About this exercise: In the records that follow, find the line containing "Op de 2de verdieping: slaapkamer" and the line containing "柔和的造型、紧凑的比例和具有", then transcribe both and every line between them exactly, omitting pictures.

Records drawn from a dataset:
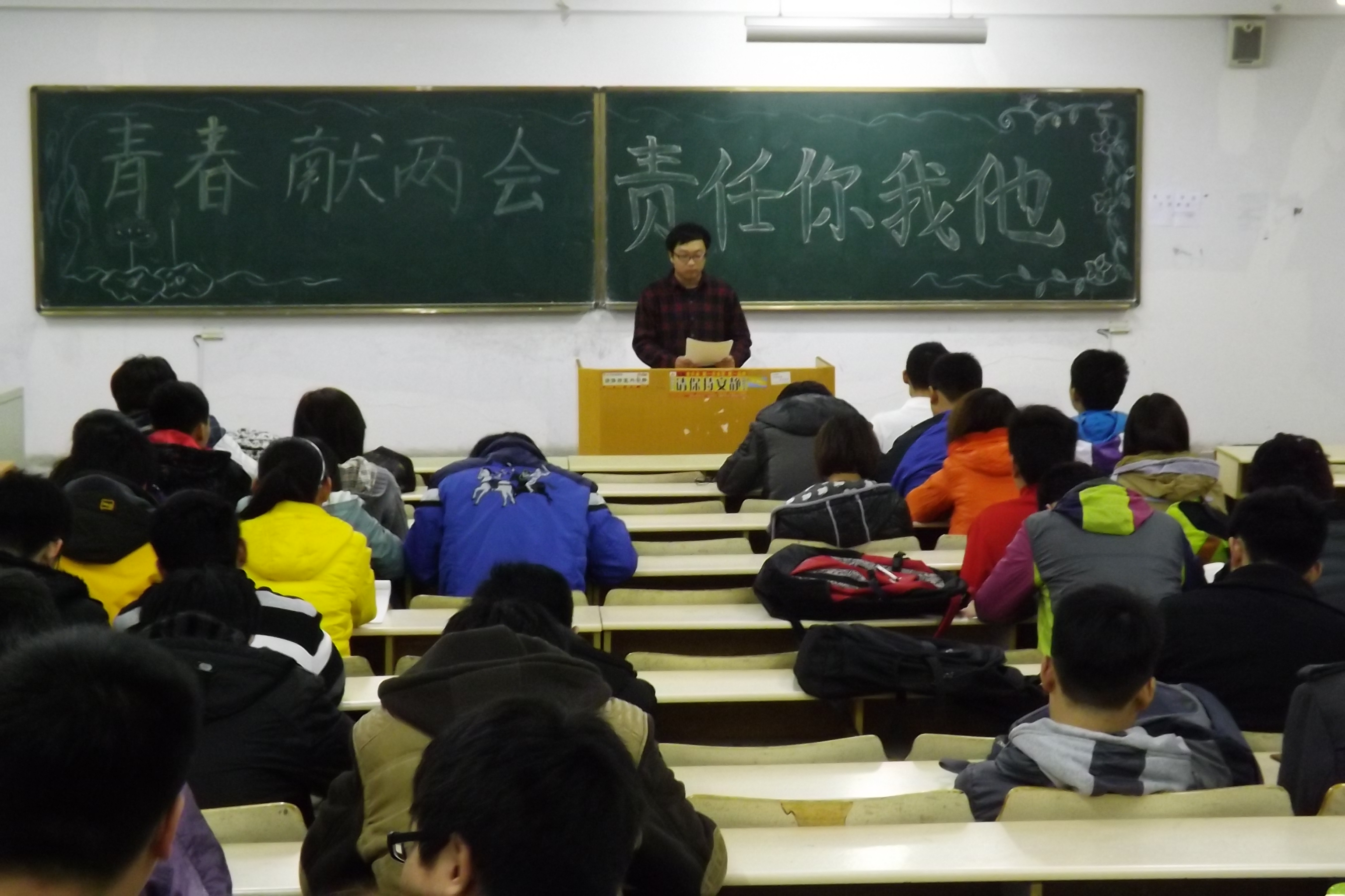 3月17日下午6点,我院12级同学在各班团支书的带领下开展了“青春献两会,责任你我他”的主题团课学习活动,此次团课主要是对两会精神的学习,使同学们加深对两会的了解,提高大学生对时事的关注力度,增强对民生的了解,在社会中承担起更多的责任。
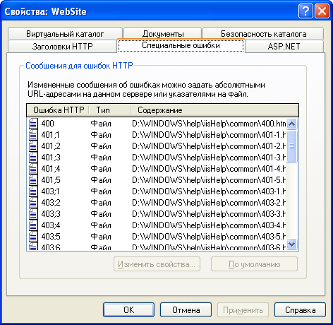 Вкладка Custom Errors (Специальные ошибки) позволяет определить страницу сообщения об ошибке, которая будет отображаться в случае возникновения определенных ошибок HTTP (рис. 18.14).
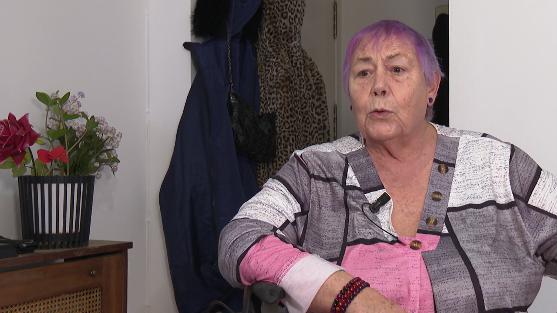 Paca, de 77 años, nos recibe en su casa. Ojos vivarachos, pelo morado, con pendientes a juego, necesita un andador porque tiene una minusvalía del más del 60%. Es rápida en su discurso y tiene prisa. Ha quedado a celebrar su cumpleaños, sus 77 vividos intensamente, en una chocolatería del barrio.
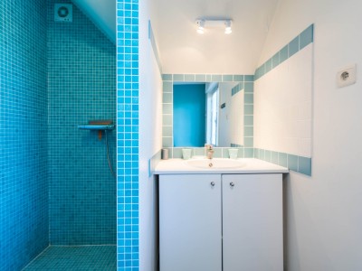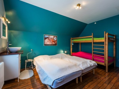 Op de 2de verdieping: slaapkamer met 2 éénpersoonsbedden en stapelbed en slaapkamer met éénpersoonsbed, toilet en een badkamer met douche.
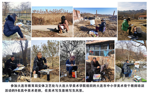 按照大連市教育局《關于組織開展大連市中小學美術骨干教師培訓工作的通知》文件要求,大連高中共有9名美術教師參加了由大連市教育局安體衛(wèi)藝處與大連大學美術學院共同舉辦的技能培訓,時間為10月31日——11月5日,培訓地點為莊河市大營子鎮(zhèn)靴子溝歇馬山莊寫生基地。
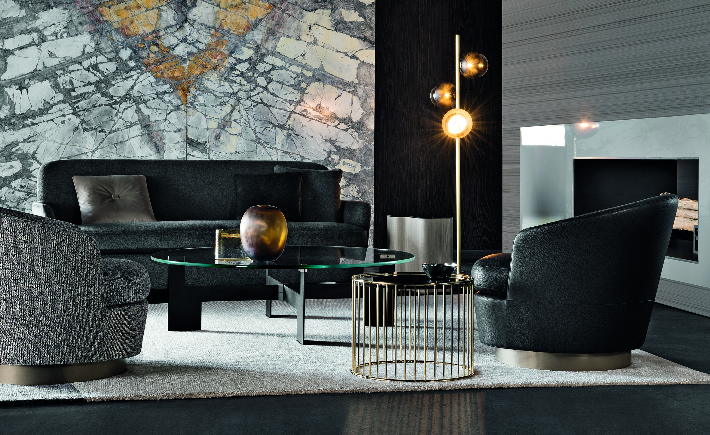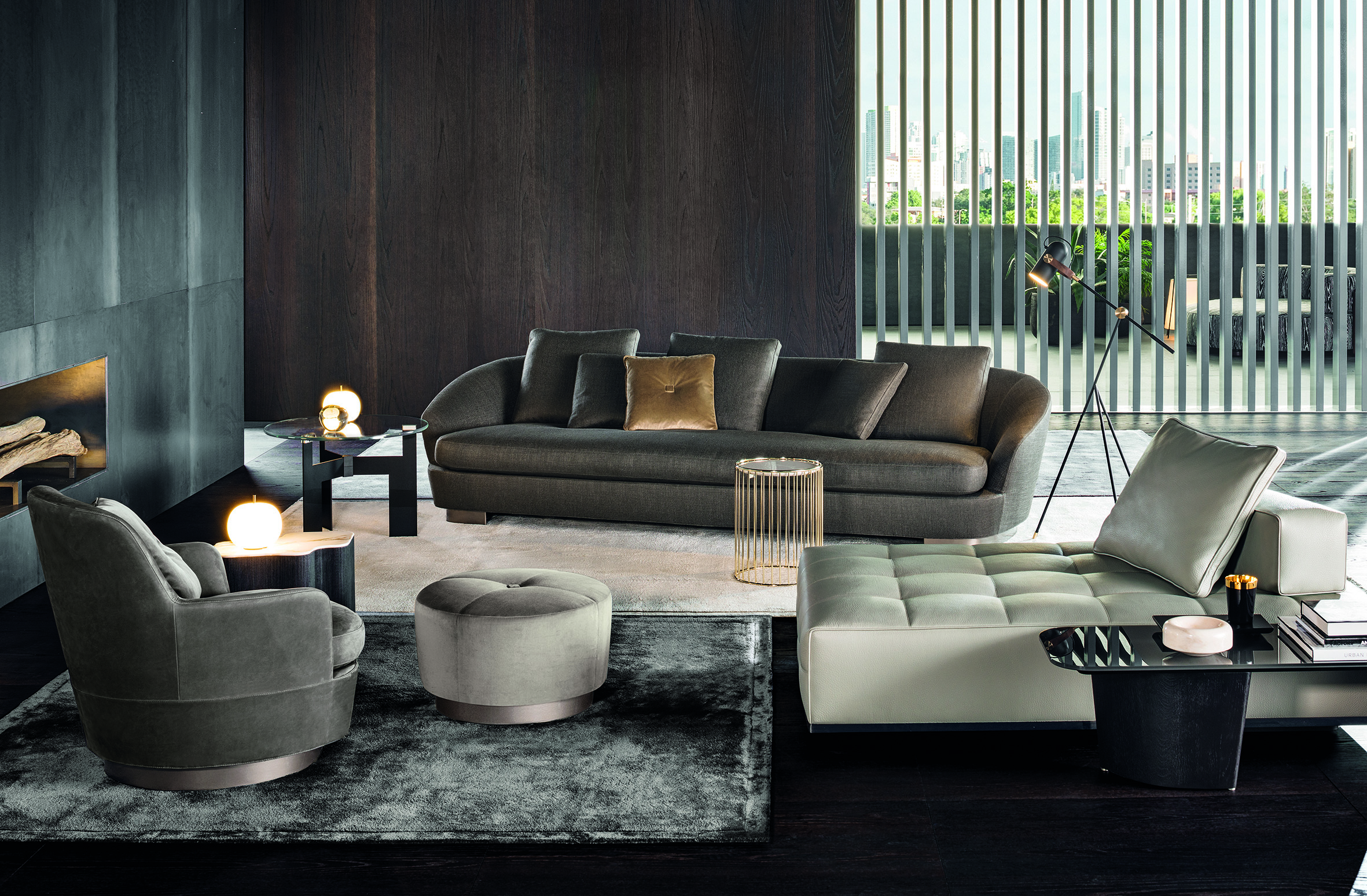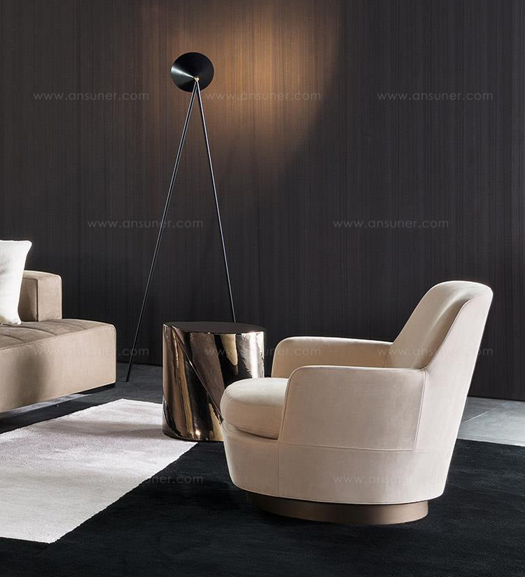 柔和的造型、紧凑的比例和具有视觉冲击力的细节呈现出精致的美学语言,金属基座采用淡铜色的表面设计。
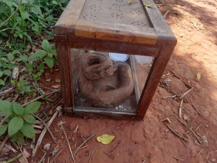 A jiboia foi encontrada em um buraco em um barranco nas proximidades da Fazenda Santo Antônio do Paracatu.
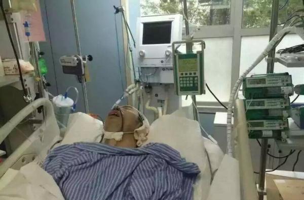 “郑州房妹”爆料人杨延方在郑州遇袭。图为杨延方在重症监护室治疗,尚未脱离生命危险。
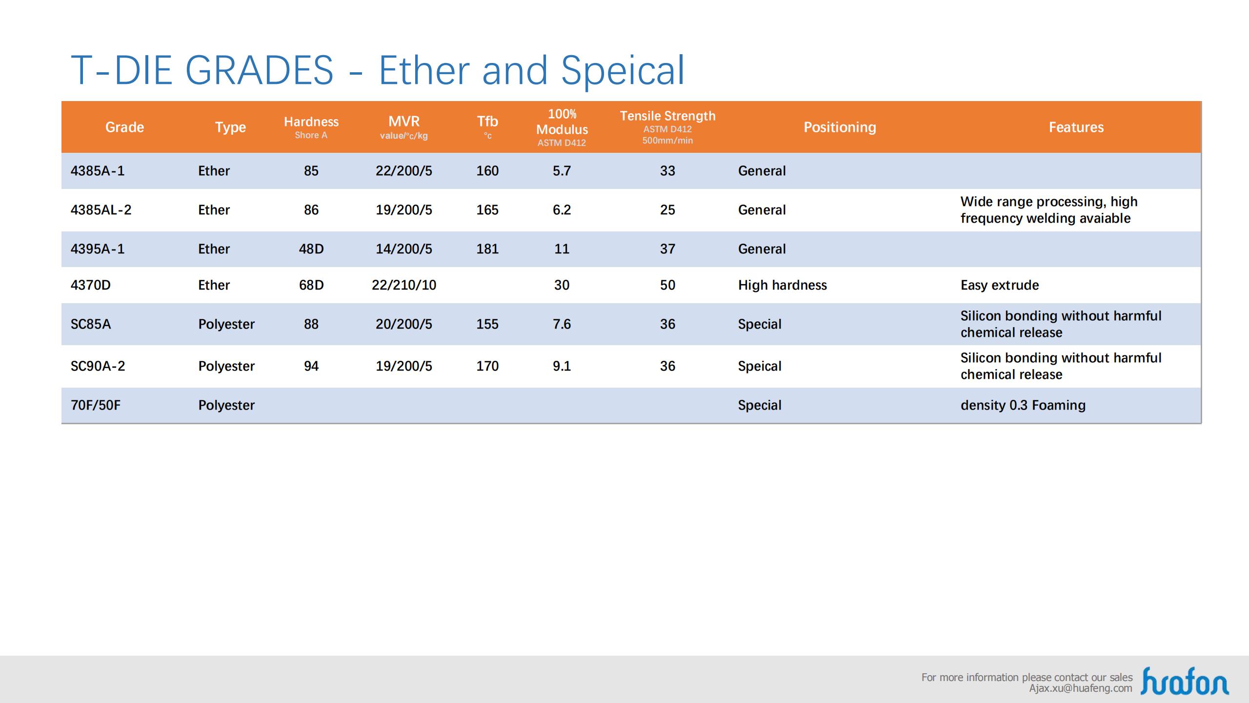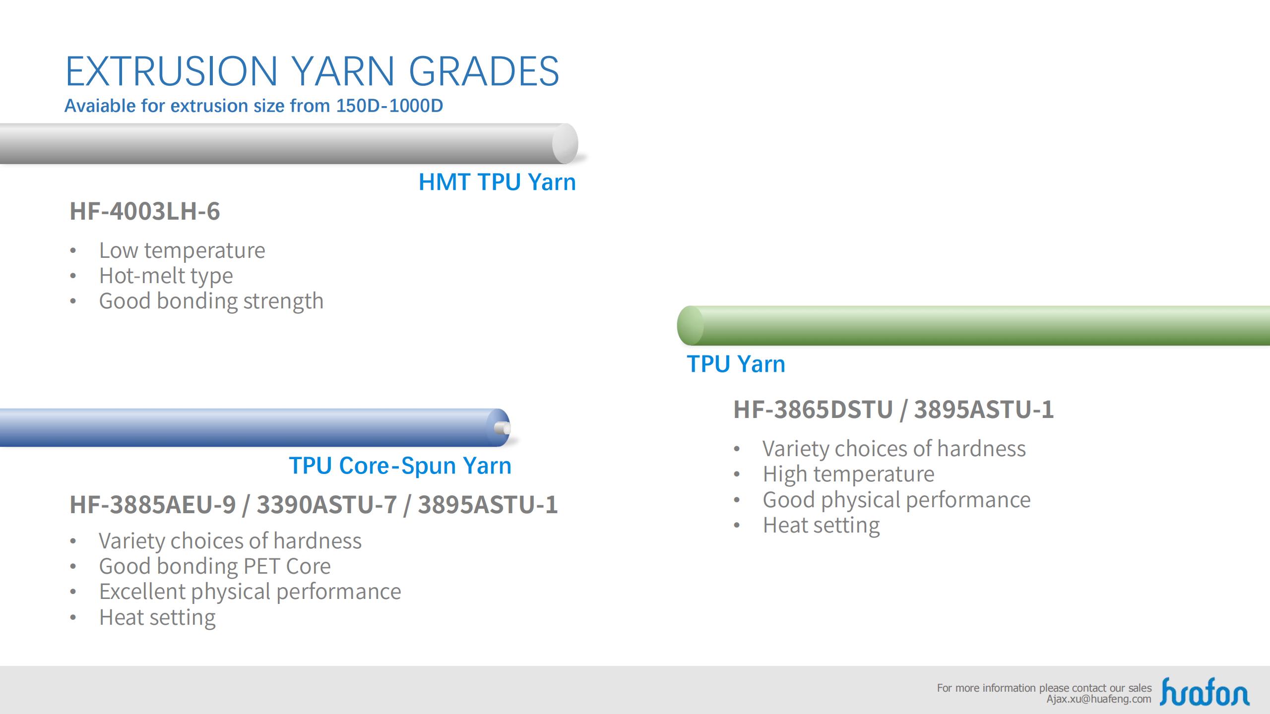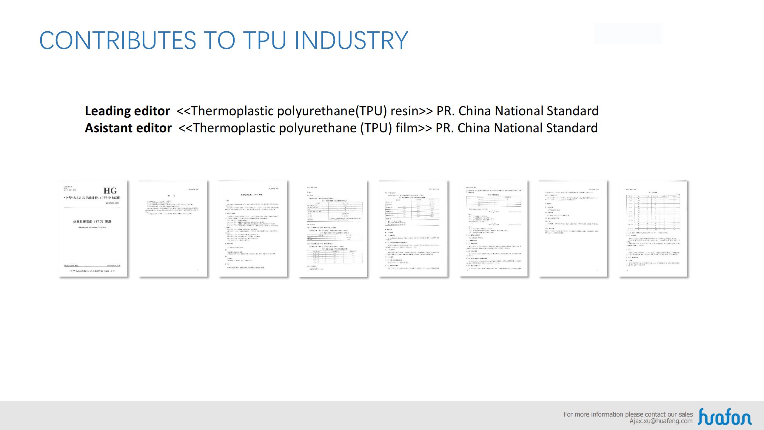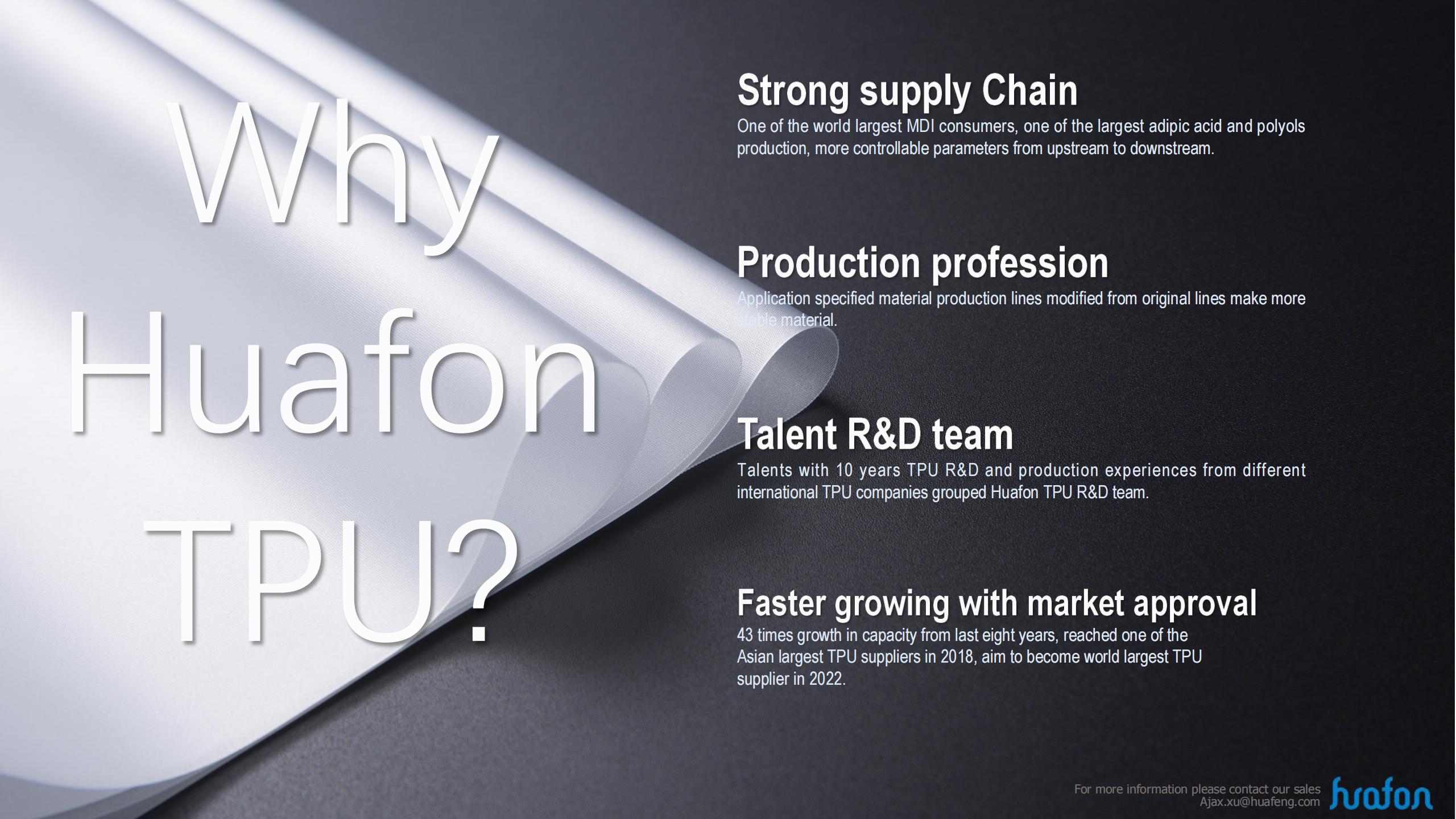 Base on the property of aliphatic series and aromatic series, Huafon TPU can satisfy the consume and industry filed, as well as different requirement and different equipment.

Answer for this exercise:
 Op de 2de verdieping: slaapkamer met 2 éénpersoonsbedden en stapelbed en slaapkamer met éénpersoonsbed, toilet en een badkamer met douche.
 按照大連市教育局《關于組織開展大連市中小學美術骨干教師培訓工作的通知》文件要求,大連高中共有9名美術教師參加了由大連市教育局安體衛(wèi)藝處與大連大學美術學院共同舉辦的技能培訓,時間為10月31日——11月5日,培訓地點為莊河市大營子鎮(zhèn)靴子溝歇馬山莊寫生基地。
 柔和的造型、紧凑的比例和具有视觉冲击力的细节呈现出精致的美学语言,金属基座采用淡铜色的表面设计。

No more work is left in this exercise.